-- RECORDS FOR PROCESSING --
....................
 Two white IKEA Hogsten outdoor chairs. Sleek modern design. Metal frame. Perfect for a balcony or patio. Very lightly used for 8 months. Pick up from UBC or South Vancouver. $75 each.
....................
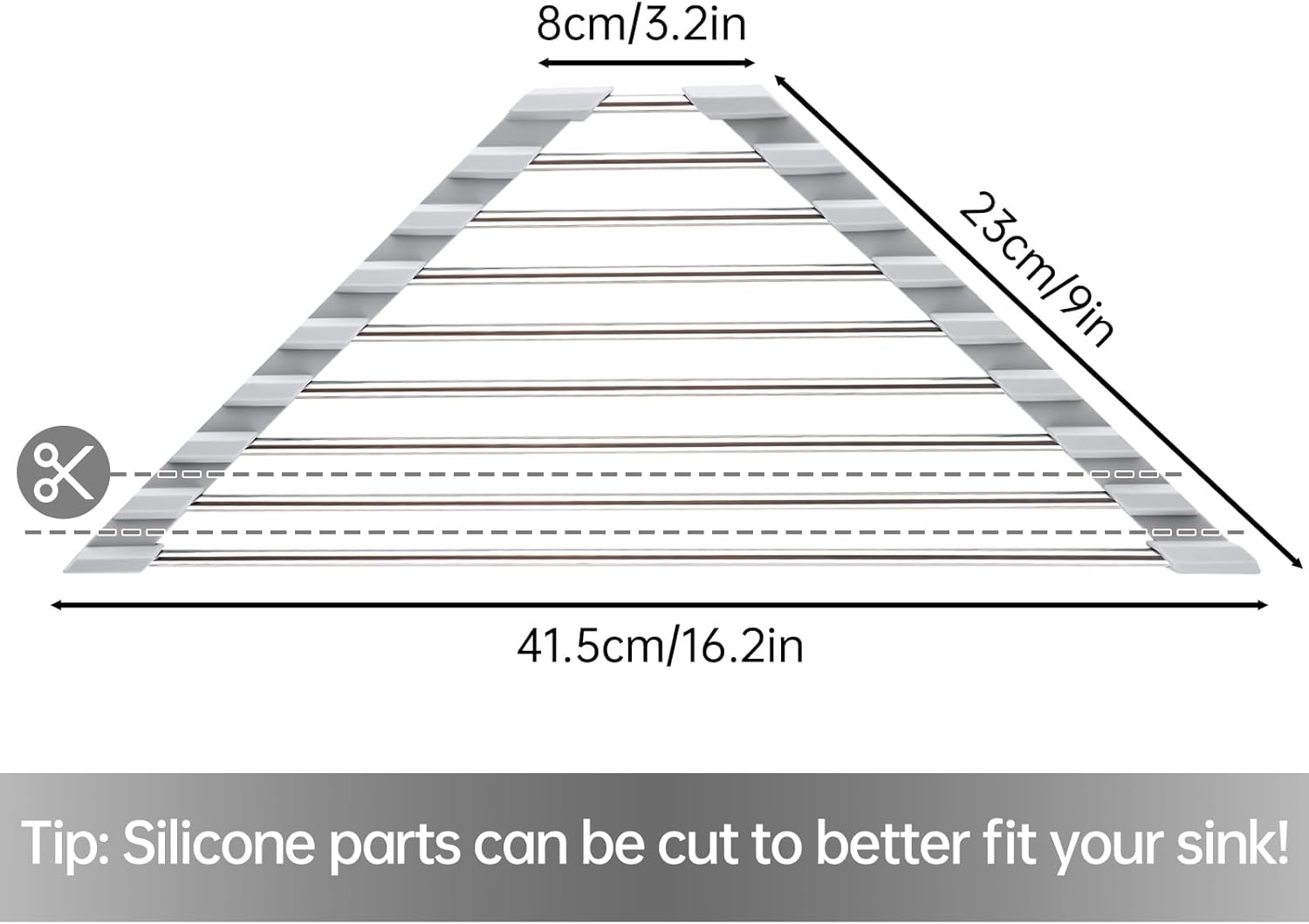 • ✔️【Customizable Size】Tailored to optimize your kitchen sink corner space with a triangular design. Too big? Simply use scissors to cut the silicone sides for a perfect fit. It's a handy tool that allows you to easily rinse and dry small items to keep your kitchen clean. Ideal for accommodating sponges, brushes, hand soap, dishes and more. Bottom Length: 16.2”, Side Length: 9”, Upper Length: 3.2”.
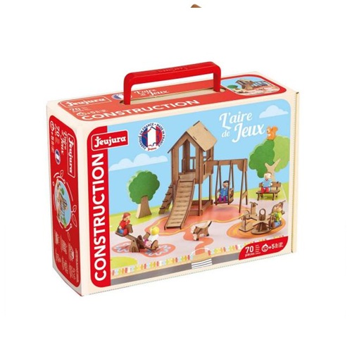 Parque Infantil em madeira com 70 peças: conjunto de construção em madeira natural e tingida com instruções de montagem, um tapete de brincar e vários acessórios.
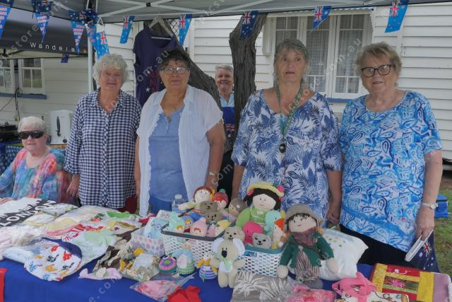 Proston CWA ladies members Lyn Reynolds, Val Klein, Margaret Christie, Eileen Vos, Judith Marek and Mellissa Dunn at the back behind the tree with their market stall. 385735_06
....................
-- TASK ITEM --
Write out again exactly the lines above from the one with "Parque Infantil em" through the one with "Proston CWA ladies", adding no other lines and no pictures.

-- SOLUTION --
 Parque Infantil em madeira com 70 peças: conjunto de construção em madeira natural e tingida com instruções de montagem, um tapete de brincar e vários acessórios.
 Proston CWA ladies members Lyn Reynolds, Val Klein, Margaret Christie, Eileen Vos, Judith Marek and Mellissa Dunn at the back behind the tree with their market stall. 385735_06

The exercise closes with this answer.